I am three people away from the cash register. Behind me, a family of four waits to order - two parents, a teenage boy and an older man the young boy calls Pops. They speak casually and I hear the boy's father refer to the older man as "Daddy". Daddy has a thick southern accent and says, 'I tell you!' after sentences a lot. He wears a cap with a Kentucky Derby logo and a blue plaid flannel long-sleeved shirt along with dark jeans.

As I move one place closer to order, a gaggle of teenage girls bursts through the diner's entrance and bounces to the counter area to read the overhead menus. Shrill giggles, OMG!s and a 'Shut UP!' emit from the girls. All four are dressed for the beach on this unseasonably chilly California winter night. One girl wears particularly short shorts. The thin hot pink nylon clings to every curve of her young, tight apple butt leaving nothing to the imagination, including the little mounds of tan butt cheek peaking out from each side:

Daddy: Goo-ooood Lord. That gal just as soon walk around nekked.
Grandson: Ha! Come on, Pops. Lighten up! We're not as uptight as in your time anymore.

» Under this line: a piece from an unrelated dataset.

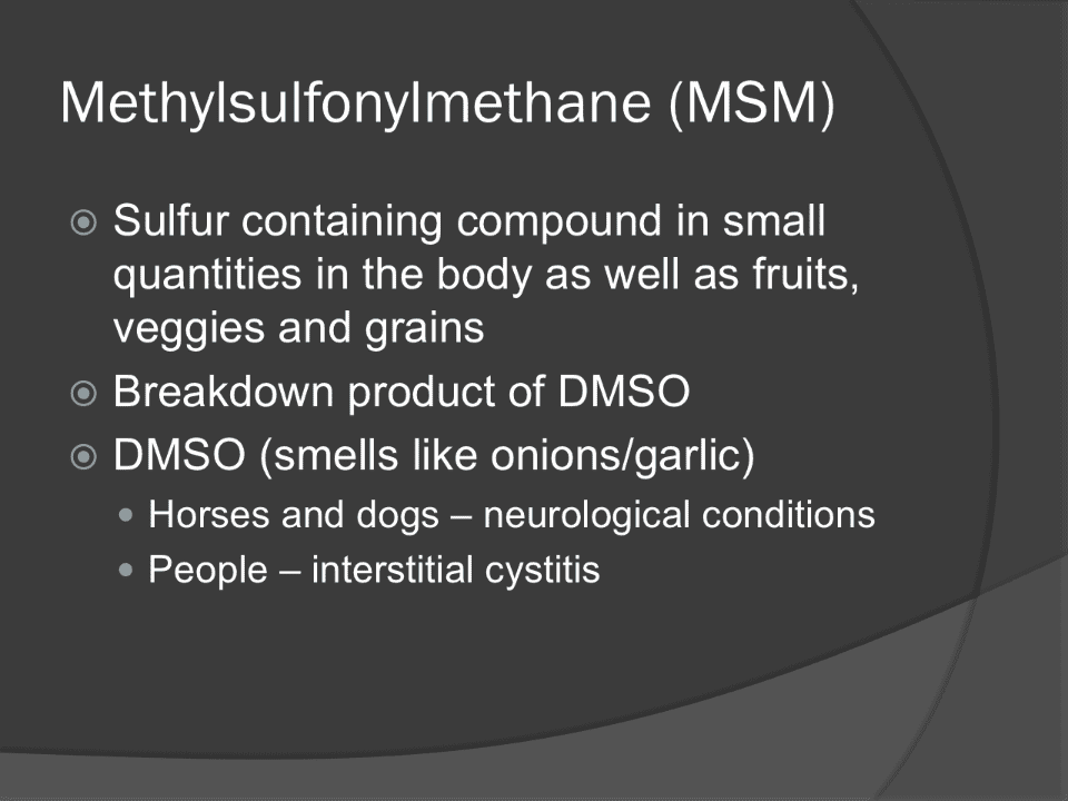 - Sulfur containing compound in small quantities in the body as well as fruits, veggies and grains - Breakdown product of DMSO

Daddy: Uptight? Uptiiiight! Listen here boy. Let me tell you somethin' you best remember your whole life through.
Grandson: Oh gawd.
Daddy: Ladies are meant to be unwrapped slowly, one small piece at a time. You go on get with some gal that's already flappin' her wrappers in the wind and you'll get nothing but trouble. Every time.
Grandson: Unwrapped? Like Christmas presents?
Daddy: That's right. A good woman is a gift.
Grandson: So Mom, when do I get to unwrap some girls?
Mom: When you're 30 or independently wealthy. Which ever comes first.